Most people were using either Truvada or a generic equivalent. While 5% did report using Atripla (which includes efavirenz
alongside tenofovir disoproxil fumarate and emtricitabine), few people reported
using other antiretrovirals.
One in five were following non-daily dosing. For some
individuals this may reflect genuine choice, but for others it probably reflects the
cost and difficulty of getting medication. Around a third of those aiming for
daily dosing in fact had interruptions in their use. One in seven had shared
pills with others.
The 52 respondents who couldn’t obtain PrEP cited a number
of barriers, including its cost (mentioned by 60%), doctors’ refusal or
inability to prescribe PrEP (50%) and importing PrEP being against the law in
their country (35%).
“PrEP is not a DIY intervention,” commented Jerome Galea. He
said that for PrEP to be safe and effective, regular medical monitoring and
sexual health counselling is required. It is particularly important that the
drugs are not taken after HIV seroconversion, which risks the development of
drug resistance.
These problems were also described in PrEP
Access in Europe, a report by the PrEP in Europe Initiative (a
coalition of HIV organisations including NAM) that was launched at the
conference. There is anecdotal evidence from countries across Europe of gay men
obtaining PrEP in the ways described above.
In some
countries, HIV doctors are prescribing Truvada off-label to small numbers of affluent HIV-negative people
who can pay the full cost of the drug (around €400 or €500 a month). In
countries with more restrictive policies or attitudes, individuals are
smuggling drugs from other countries or obtaining them in underhand ways, as
these respondents described:
“The only legal way to
do this is to travel to the UK and bring the pills with you in your own
luggage. That’s quite a barrier, so people are asking friends in the UK to
receive the order and send on privately, or using parcel forward delivery
services that use a UK PO box then forward the parcel to Germany from there.”

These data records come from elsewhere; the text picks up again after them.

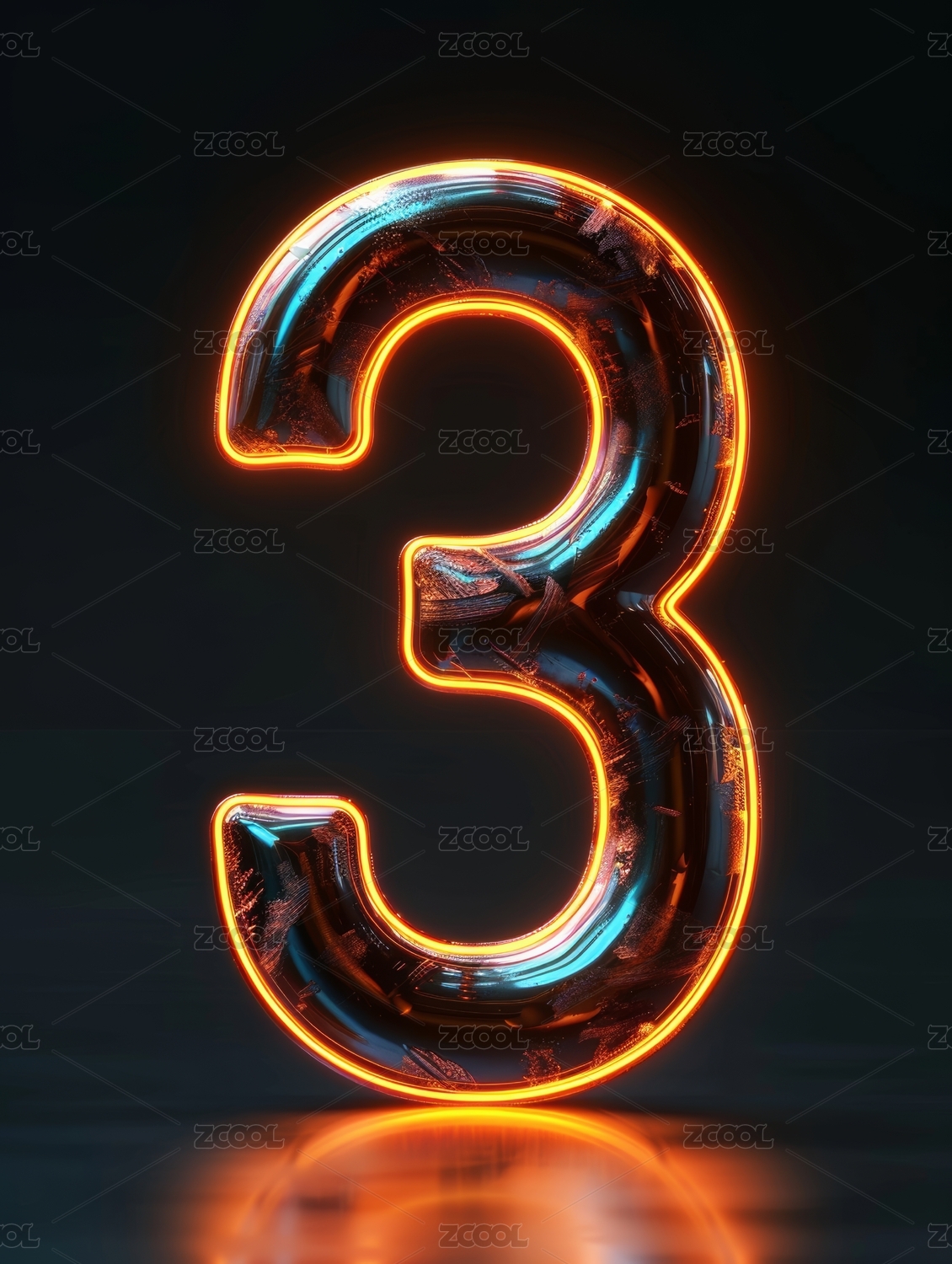 3D炫彩色透明发光数字3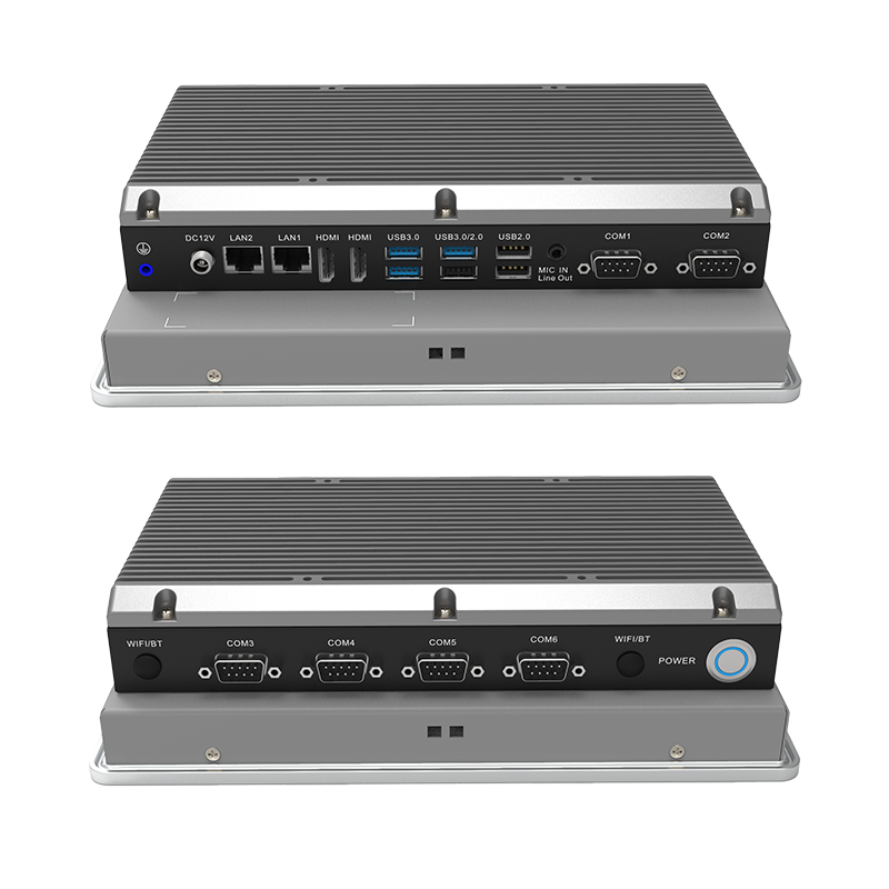 低功耗:英特尔® 赛扬® J6412 板载处理器,TDP 10W外观设计:铝合金一体成型,工艺精细,科技时尚稳定可靠:纯工业无风扇设计,大面积铝鳍散热,箱体材质可抗接触式6Kv强电磁干扰;液晶屏接触处加强型密封胶圈设计,面板防水防撞击人机界面友好:纯屏10点工规电容触控,操作更便利接口丰富:2*LAN(Intel),6*COM,3*USB3.0,3*USB2.0,2*HDMI,1*M.2(KEY-M,2280,支持PCIE x2信号 NVME SDD),1*Mini PCIE(全高,PCIE+USB信号,支持WIFI/BT)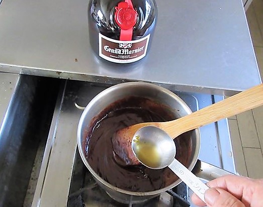 - Quando o chocolate dissolver por completo, coloque o licor de laranja e misture bem. Coloque o creme de leite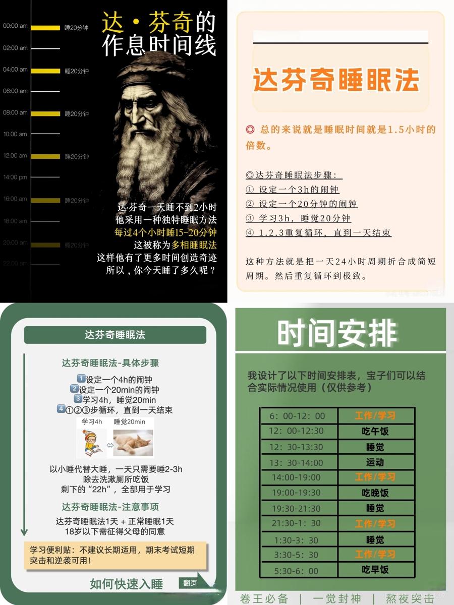 最近,社交平台上流行起各种“碎片化睡眠法”:某知名人士称自己工作时一天可以只睡4小时;有博主称,很多名人都会采用“达芬奇睡眠法”,即工作4个小时,小睡30-40分钟,循环往复,包括达芬奇、爱迪生、拿破仑、撒切尔夫人等都这样睡觉,能大大提高工作效率;还有博主给学生列出时间安排表,表示每睡2小时起来学习1小时,循环往复,这样做可以把时间利用到极致……
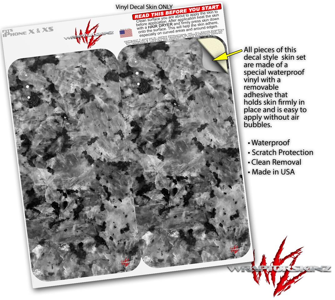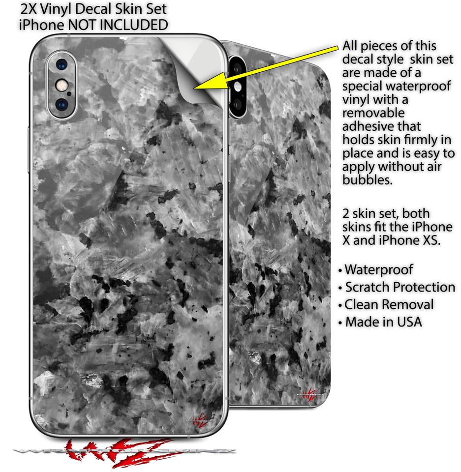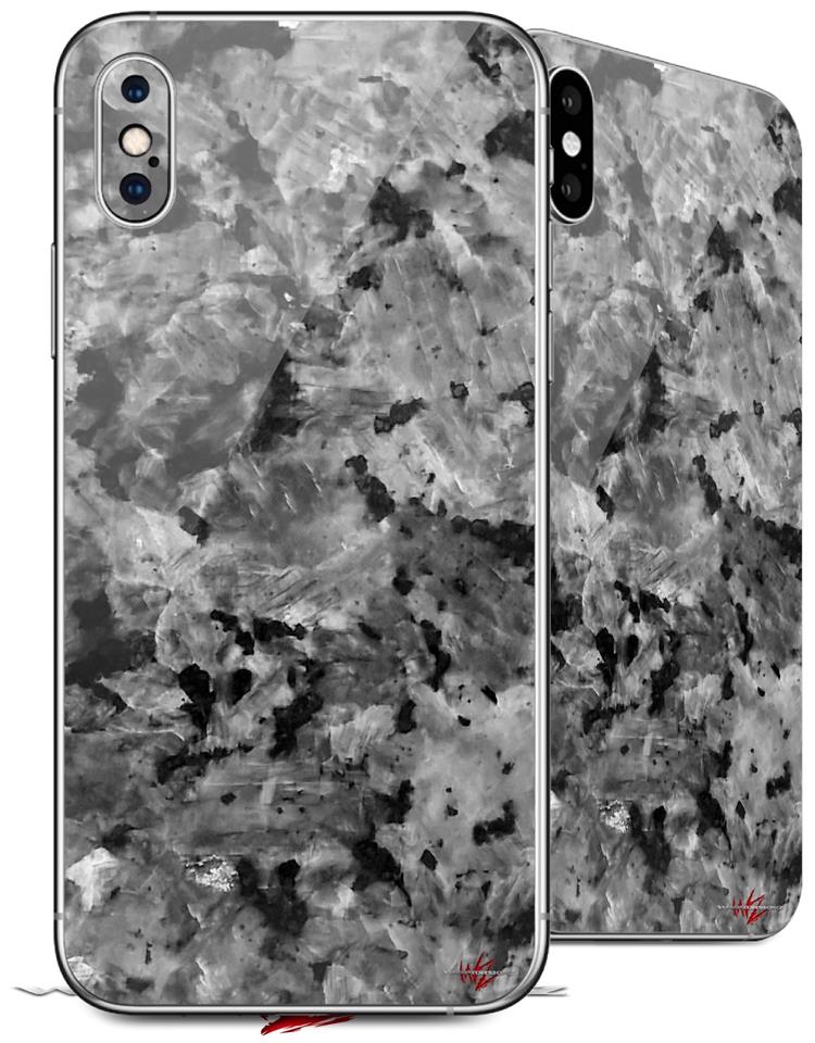 2 Decal style Skin Wraps set compatible with Apple iPhone X and XS Marble Granite 02 Speckled Black Gray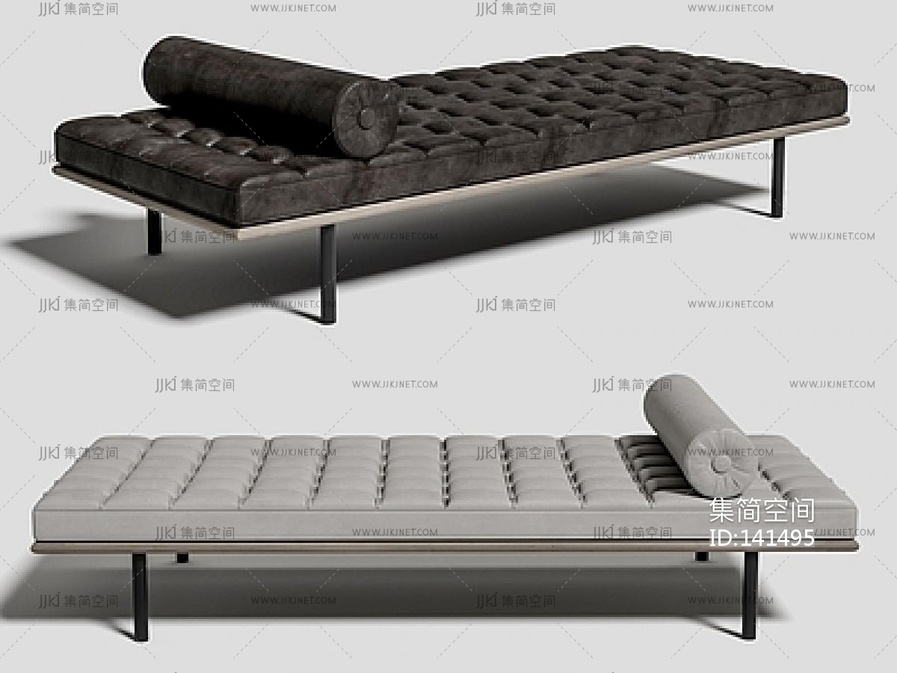 现代意式床尾凳_床尾凳组合_沙发凳_皮革床尾凳_布艺床尾凳_长条凳SU模型su草图模型下载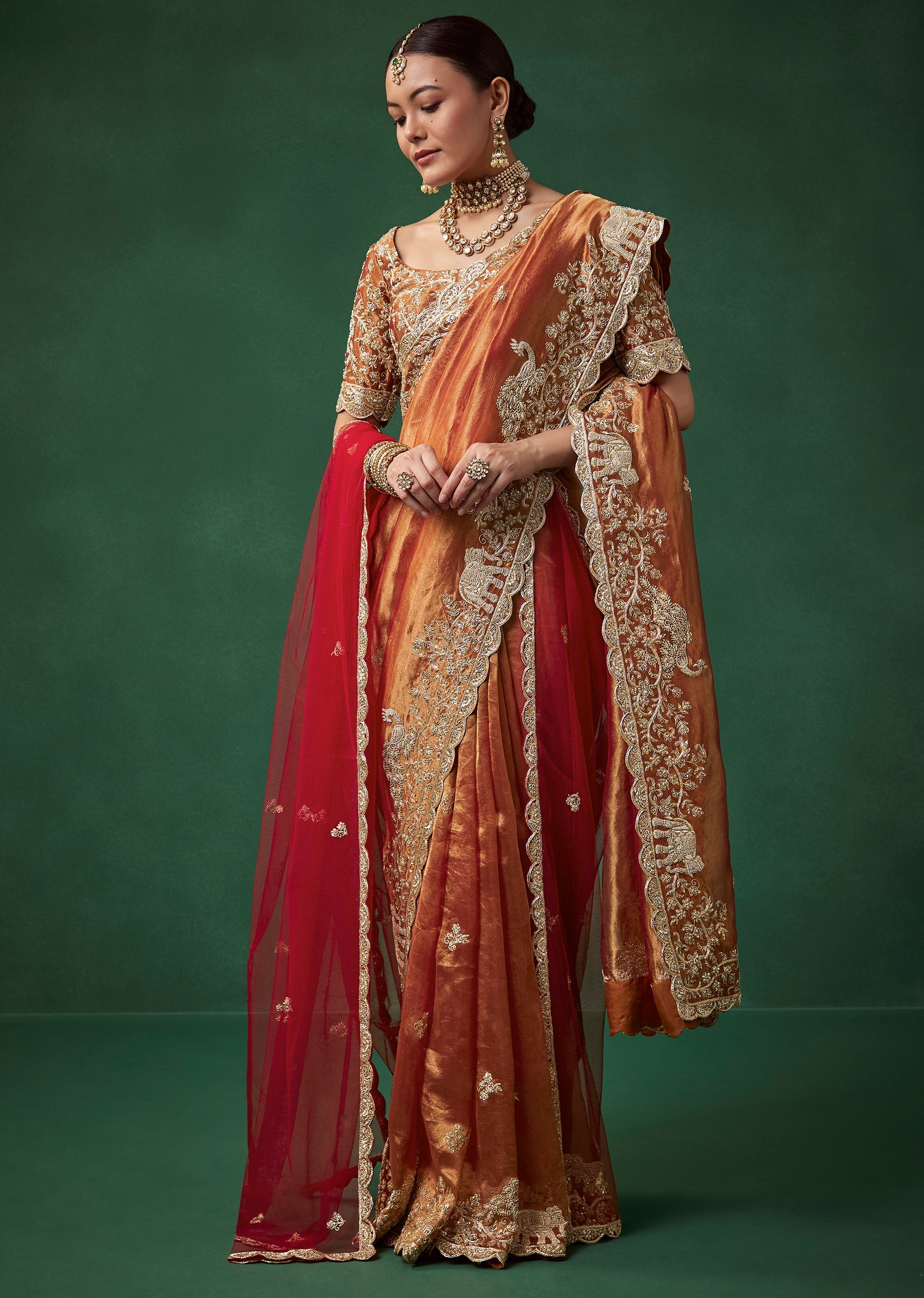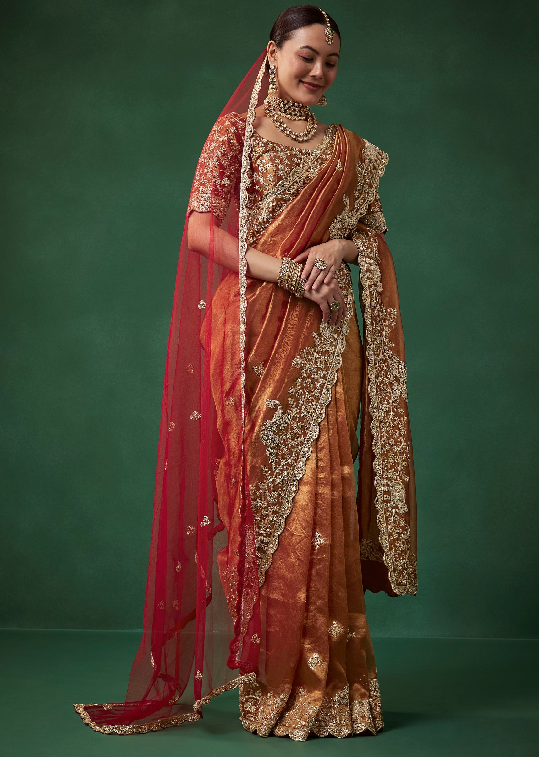 Rust Bridal Silk Organza Saree with Unstitched Blouse and Dupatta

“There are anecdotal stories about some people
living with HIV giving their Truvada to negative friends and
asking for an extra bottle saying they have lost it. It is possible this is
happening, but at a very small scale, as it would be noticed by the clinic if
it were on larger scale. We only have one clinic and pharmacy with HIV drugs in
Croatia.”
“We did hear stories of people selling Truvada on a party bus coming from Paris going to Brussels to a gay party.”
“Without
official PrEP approval and roll-out within health care and community settings,
many gay men will end up taking a few pills of Truvada without knowing their HIV status, STI status, renal health
and risk factors,” the authors comment. “Many of them may take PrEP needlessly,
or worse, within an acute HIV infection phase. These men may also be vulnerable
to being sold counterfeit versions of Truvada
as a black market emerges.”
The PrEP in
Europe Initiative calls on European governments to make PrEP available to
populations at imminent risk of HIV, as a matter of urgency.